# Trying emmersed - dwarf hargrass, ricca, HC



## mpagri (Dec 7, 2007)

I have just up a 10g tank that i am going to try and grow out emmersed for awhile. heres the current setup:

10g tank
65w cfl lighting
eco complete

saran wrap with a few holes in it to keep humidity up

So the dwarf hairgrass is definitely dieing, but it started off not very healthy to begin with. the ricca is actually pretty much submersed as it is at the front of the tank and the substrate slopes up to the back so the water level at the front is higher. but it also has not shown much growth but i dont think its dieing yet so thats good. the hg has been in for 10 days the ricca for less than one week. 

have people had much luck either of these emmersed i know most of the posts are all HC. how long does riccia usually take to start growing once tied to the rocks? 

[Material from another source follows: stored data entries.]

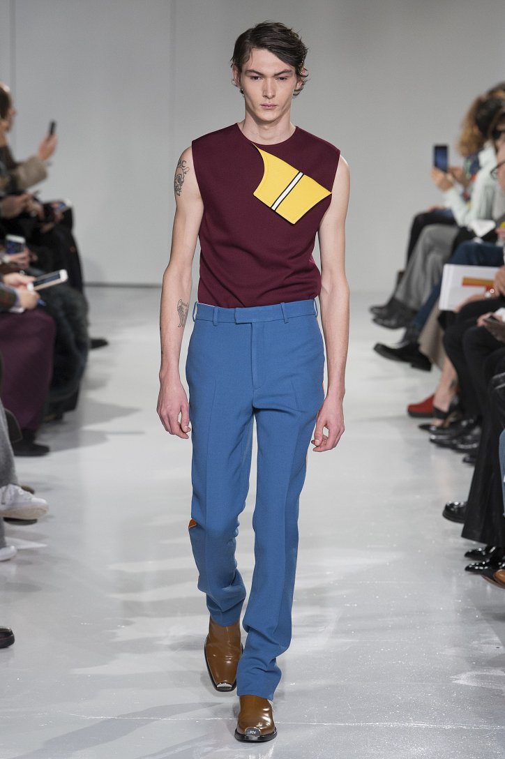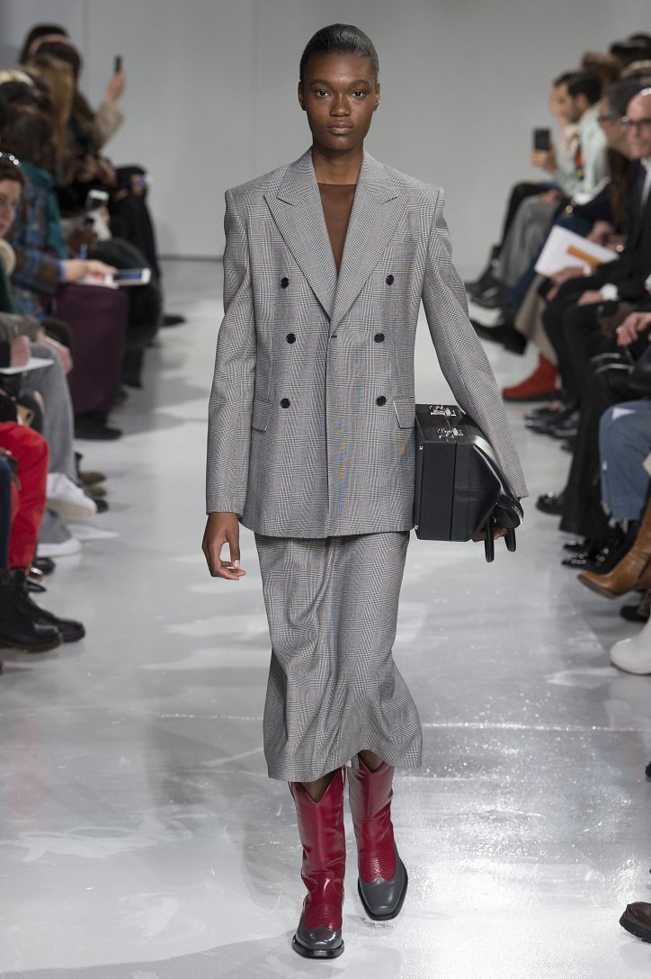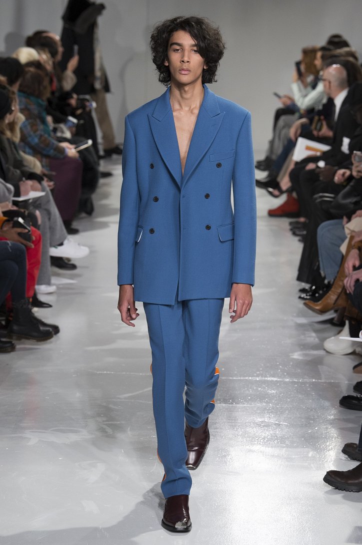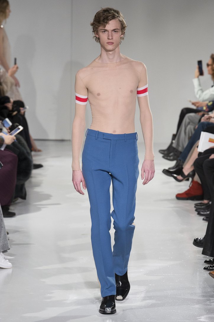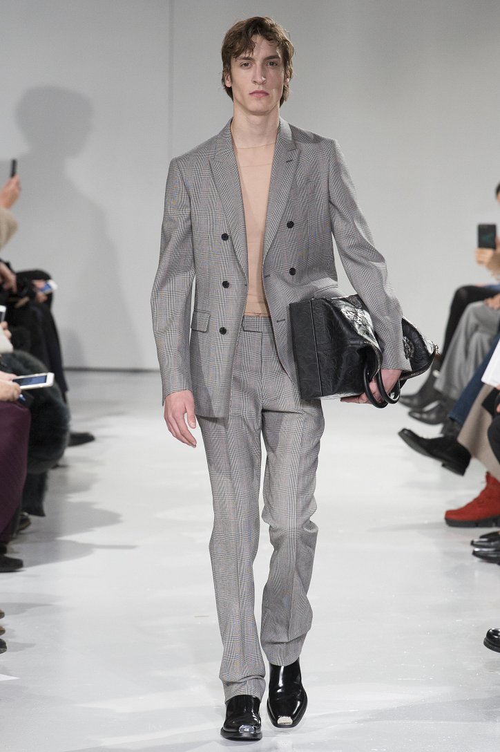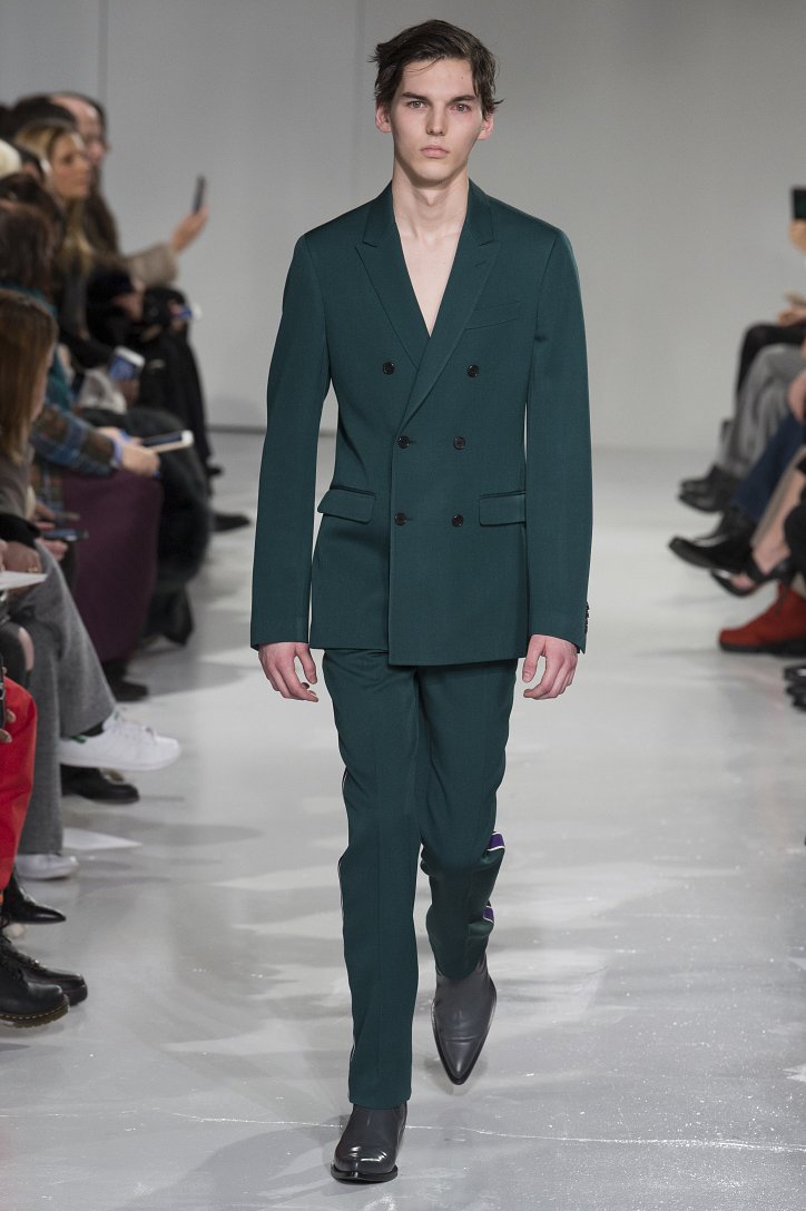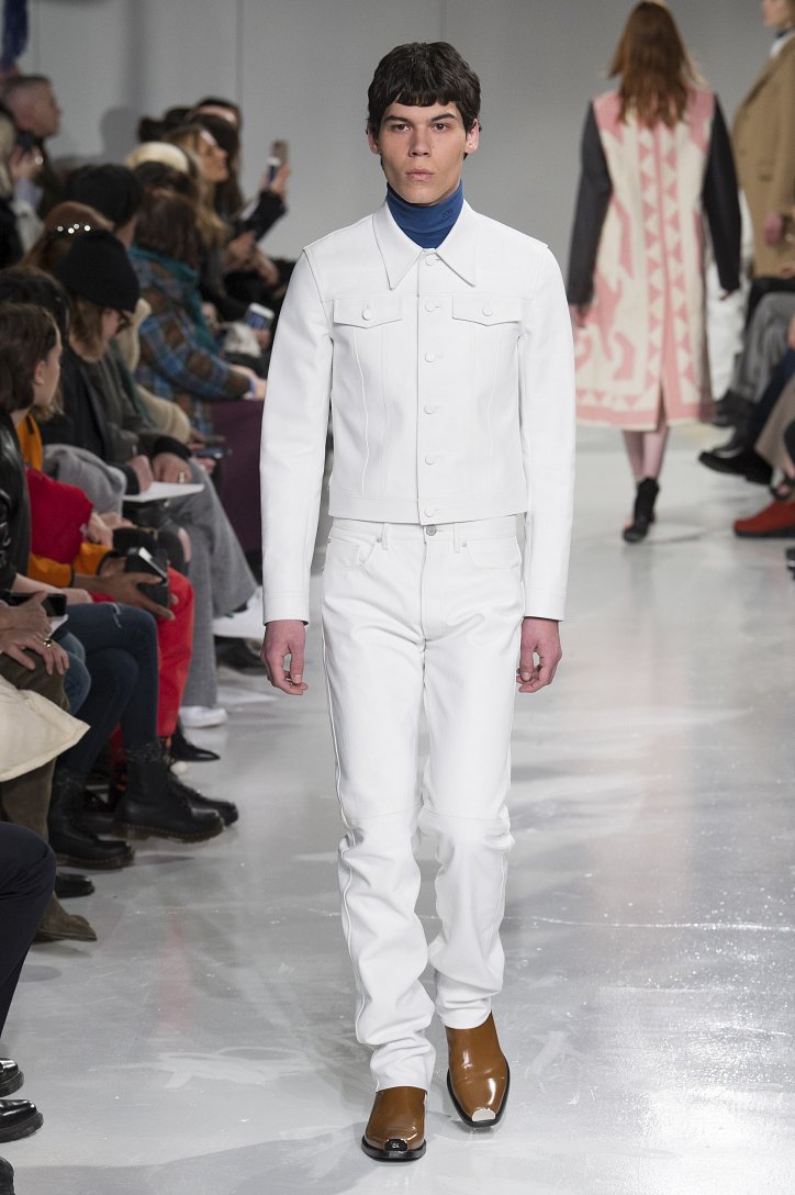 Шоу Calvin Klein осень-зима 2017-2018 вполне можно назвать «Одой Америке»: коллекция, словно мозаика, очень эклектична. Она, по словам дизайнера, отражает разные эпохи, разные стили и образы. Так, виниловые плащи и платья – это напоминание об поп-арте и Энди Уорхоле, джинсовые тотал-луки – реверанс в сторону традиций Calvin Klein, ковбойские сапоги и флаг США в виде принта – дань американской культуре. В целом же коллекция получилась «очень унисекс»: мужские образы чередовались с женскими, при этом одежда была практически идентичной – прозрачные топы, пальто прямого кроя, свободные брючные костюмы, комплекты из кожи и денима.
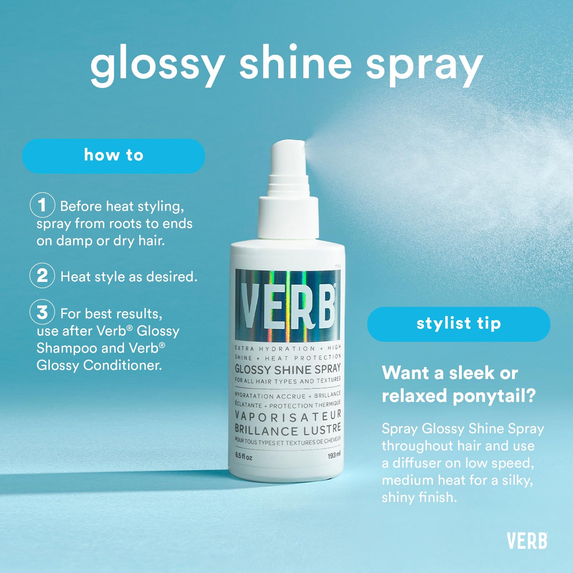 - HOW TO USE: Before heat styling, spray the glossy hair spray from root to ends on damp or dry hair, and heat style as desired; for best results, use after Verb Glossy Shampoo and Verb Glossy Conditioner
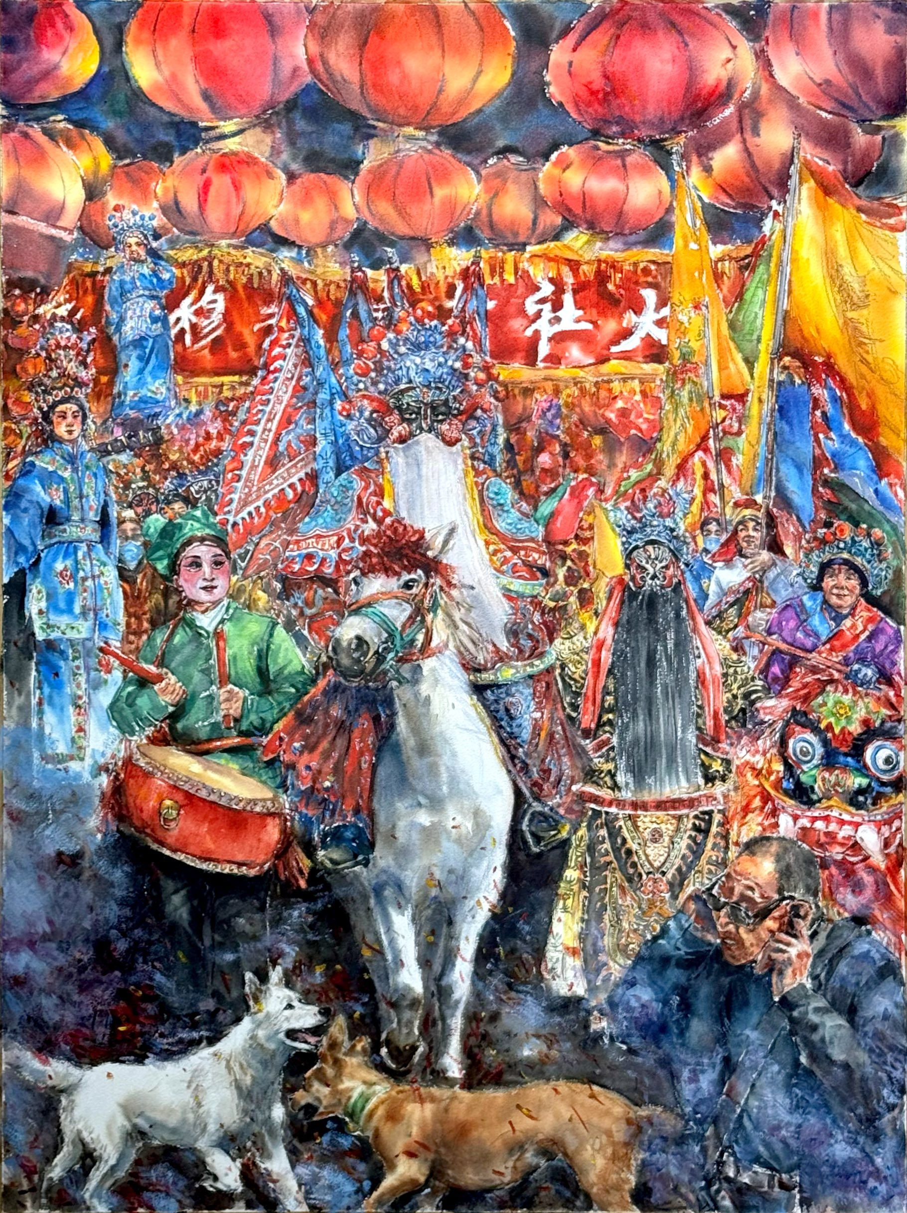 社火记·镇响 水彩 90cmX120cm 边宇航
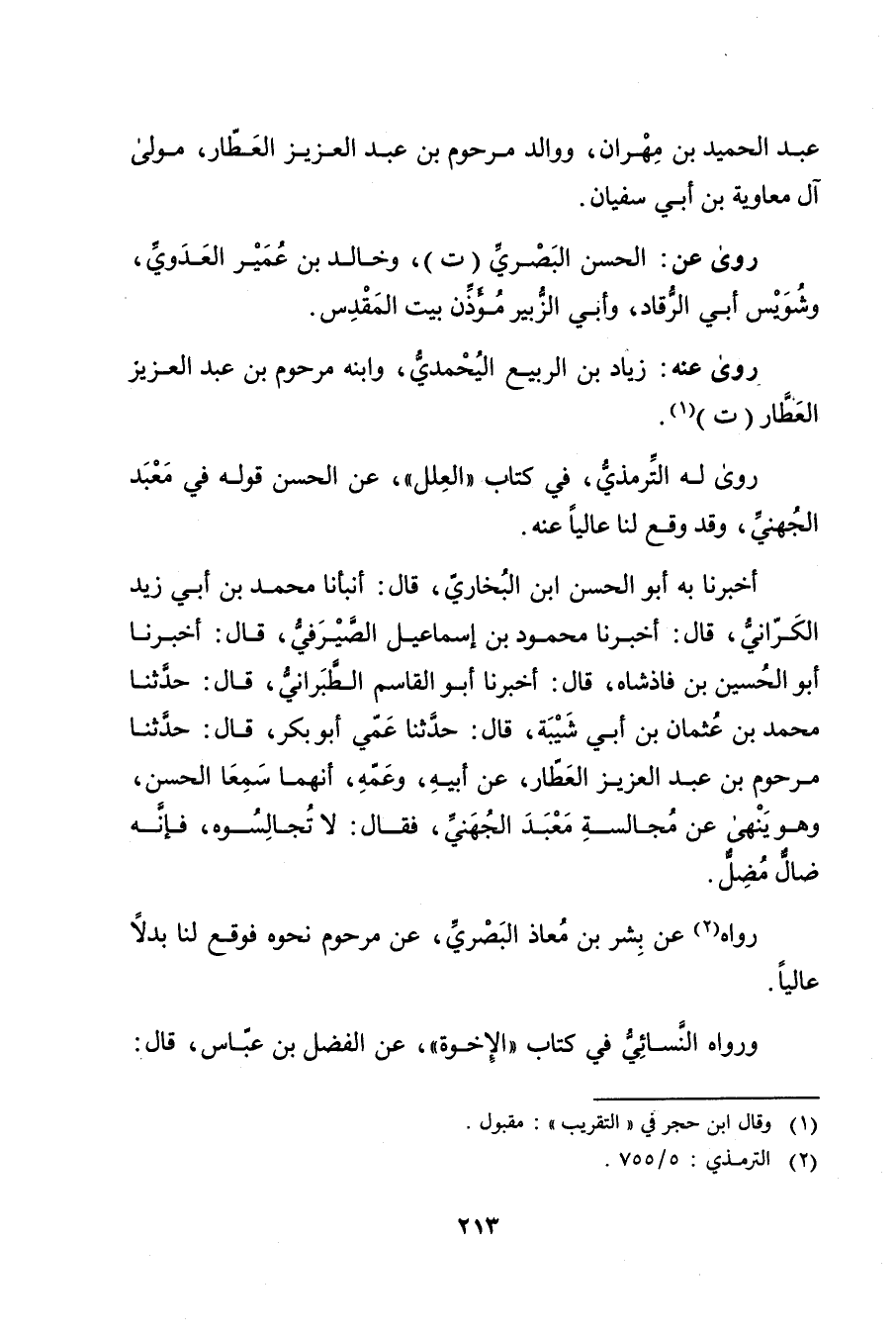 أَخْبَرَنَا بِهِ أَبُو الْحَسَنِ بْنُ الْبُخَارِيِّ، قال: أَنْبَأَنَا مُحَمَّدُ بْنُ أَبي زَيْدٍ الْكَرَّانِيُّ، قال: أَخْبَرَنَا مَحْمُودُ بْنُ إِسْمَاعِيلَ الصَّيْرَفِيُّ، قال: أخبرنا أَبُو الحسين بْن فَاذْشْاهِ، قال: أخبرنا أَبُو الْقَاسِمِ الطَّبَرَانِيُّ، قال: حَدَّثَنَا مُحَمَّدُ بْنُ عثمان بْن أَبي شَيْبَة، قال: حَدَّثَنَا عمي أبو بكر، قال: حَدَّثَنَا مرحوم بن عبد العزيز العطار، عَن أَبِيهِ، وعمه، أنهما سمعا الحسن، وهو ينهى عن مجالسة معبد الجهني، فقال: لا تجالسوه، فإنه ضال مضل.
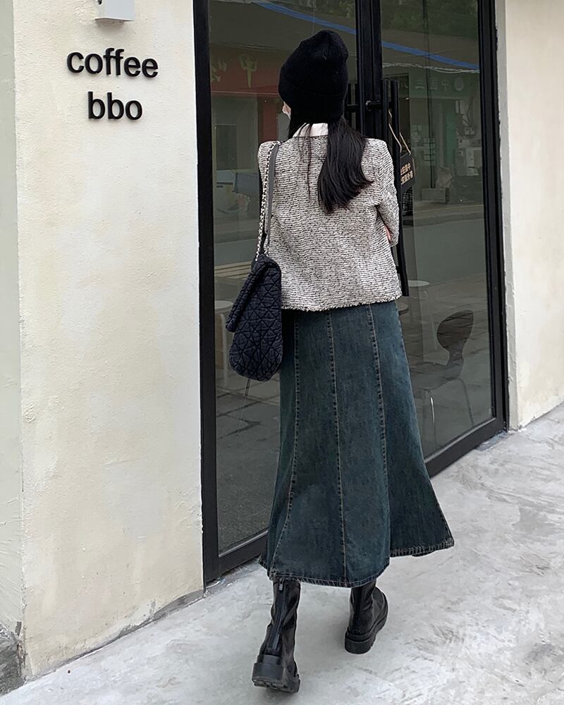 ボトムス スカート ミモレ丈スカート ミモレ丈 デニムスカート デニム ジーンズ マーメイドスカート ヒップスカート シンプル 無地 定番 S M L XL カジュアル お出かけ デート デイリー 普段使い 着回し 秋 冬 ハイウエスト Aライン 大人カジュアル 大人 ママコーデ お散歩 公園 スタイルアップ 美スタイル 細見え 脚長 美脚 10代 20代 30代 韓国 韓国ファッション 韓国スタイル 韓国コーデ おしゃれ 長め丈 長め丈スカート レトロ レトロかわいい レトロ可愛い 青 ブルー
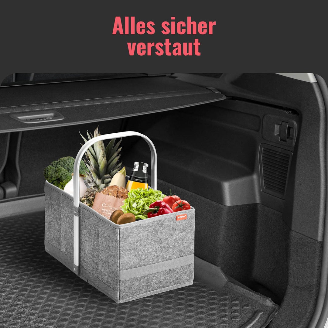 - EINFACHE HANDHABUNG: Um diesen faltbaren Einkaufskorb verwenden zu können, ist keine Montage notwendig! Einfach entfalten und der Filz Korb kann direkt verwendet werden. Und das beste: Der Alu-Tragegriff ist super angenehm in der Handhabung!
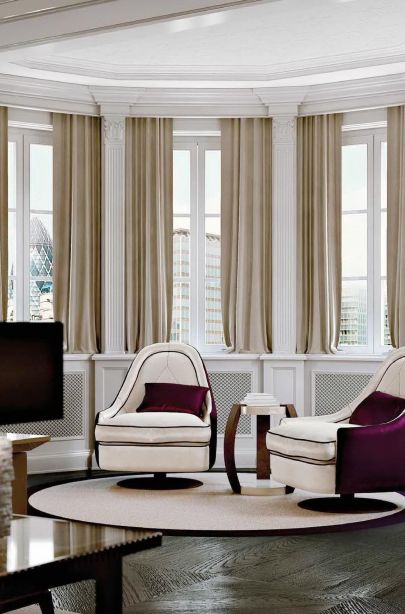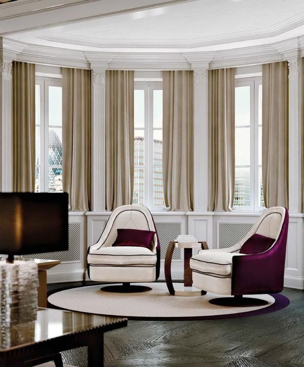 Полукруглую конфигурацию эркера повторили форма ковра и дисковые опоры кресел. На эти детали интерьера пришлось и цветовое выделение зоны – темно-лиловым.

i'll post pictures once the hc gets here and i have it in the tank.


----------



## Rob Tetrazona (Jun 21, 2005)

I've never used eco-complete, so I can't comment on how successful you will be with that. I know a guy who breeds and sells SA dart frogs. He sets up terrariums with a coconut fiber substrate and grows in thick mats of Riccia emersed in most of them using shoplights. I asked him what his secret was and he said, "If there are frogs in the terrarium, the Riccia grows. Without frogs, it turns brown and dies." I don't know how helpful that is for you, but I've tried the same setup without the frogs, but I had a misting system on a timer that pumped water taken from a fertilized planted tank. The Riccia grew very, very, very slowly.

With the other plants, start with emersed form if possible. If not possible, you need to take the submersed plants thru a transformation stage by slowly lowering the water level. It's not always possible to pull a plant out of water and expect it to grow out of water just like that. It needs transformation. This may even take trimming and replanting new growth and discarding the old.


----------